I have left the towns in the old provinces the privilege of electing their own magistrates, and have not interfered with these elections unless they were misused and some families of burghers monopolized all the authority to the prejudice of the rest. In Silesia I have deprived them of the franchise, for fear of their filling the councils with men who are devoted to Austria. With time, and when the present generation has passed away, it will be possible to restore the electoral system in Silesia without danger.


On the peasants

I have relaxed [on the Crown estates] the services which the peasants used to perform; instead of six days labor service a week, they now have to perform only three. This has provoked the nobles’ peasants, and in several places they have resisted their lords. The sovereign should hold the balance even between the peasant and the gentleman, so that they do not ruin one another. In Silesia the peasants, outside Upper Silesia, are very well placed; in Upper Silesia they are serfs. One will have to try to free them in due course. I have set the example on my Crown lands, where I have begun putting them on the same footing as the Lower Silesians. One should further prevent peasants from buying nobles’ lands, or nobles, peasants’, because peasants cannot serve as officers in the army, and if the nobles convert peasant holdings into demesne farms, they diminish the number of inhabitants and cultivators.

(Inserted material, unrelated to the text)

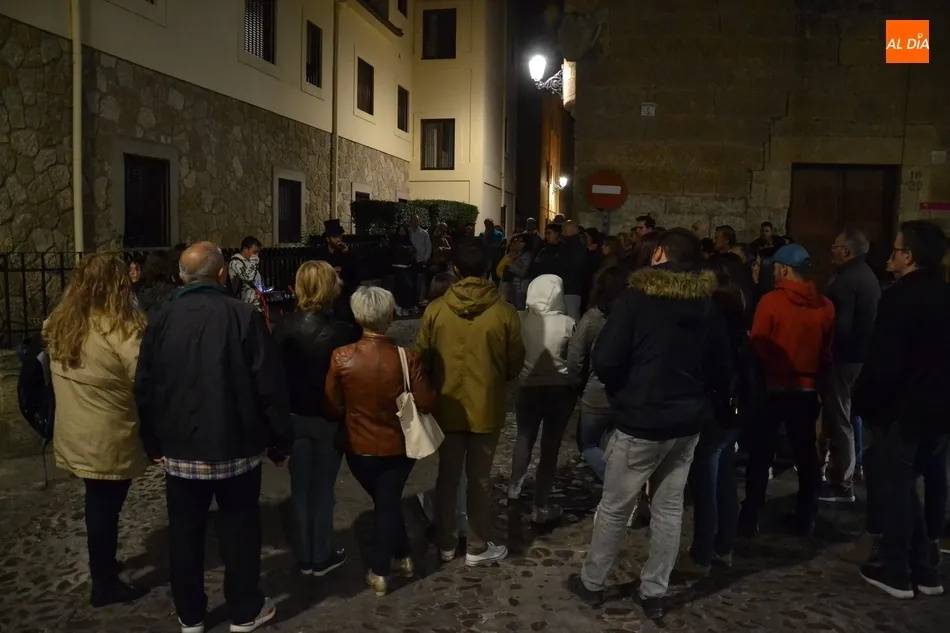 En una noche de viernes bastante fresca (que, eso sí, fue mejorando según pasaban los minutos), un centenar de personas conoció los entresijos de la crónica negra de Ciudad Rodrigo en una nueva edición de la Ruta de los Malditos, en este caso, versión 75 Aniversario (que une las mejores historias y personajes de las Rutas 1 y 2 con nuevas incorporaciones).

That a Sovereign Should Carry on the Government Himself

In a State such as this it is necessary for the sovereign to conduct his business himself, because he will, if he is wise, pursue only the public interest, which is his own, while a Minister’s view is always slanted on matters that affect his own interests, so that instead of promoting deserving persons he will fill the places with his own creatures, and will try to strengthen his own position by the number of persons whom he makes dependent on his fortunes; whereas the sovereign will support the nobility, confine the clergy within due limits, not allow the Princes of the blood to indulge in intrigues and cabals, and will reward merit without those considerations of interest which Ministers secretly entertain in all their doings.

But if it is necessary for the Prince to conduct the internal administration of his State himself, how much more necessary is it that he should direct his own [foreign] policy, conclude those alliances which suit his purposes, form his own plans, and take up his own line in delicate and difficult situations.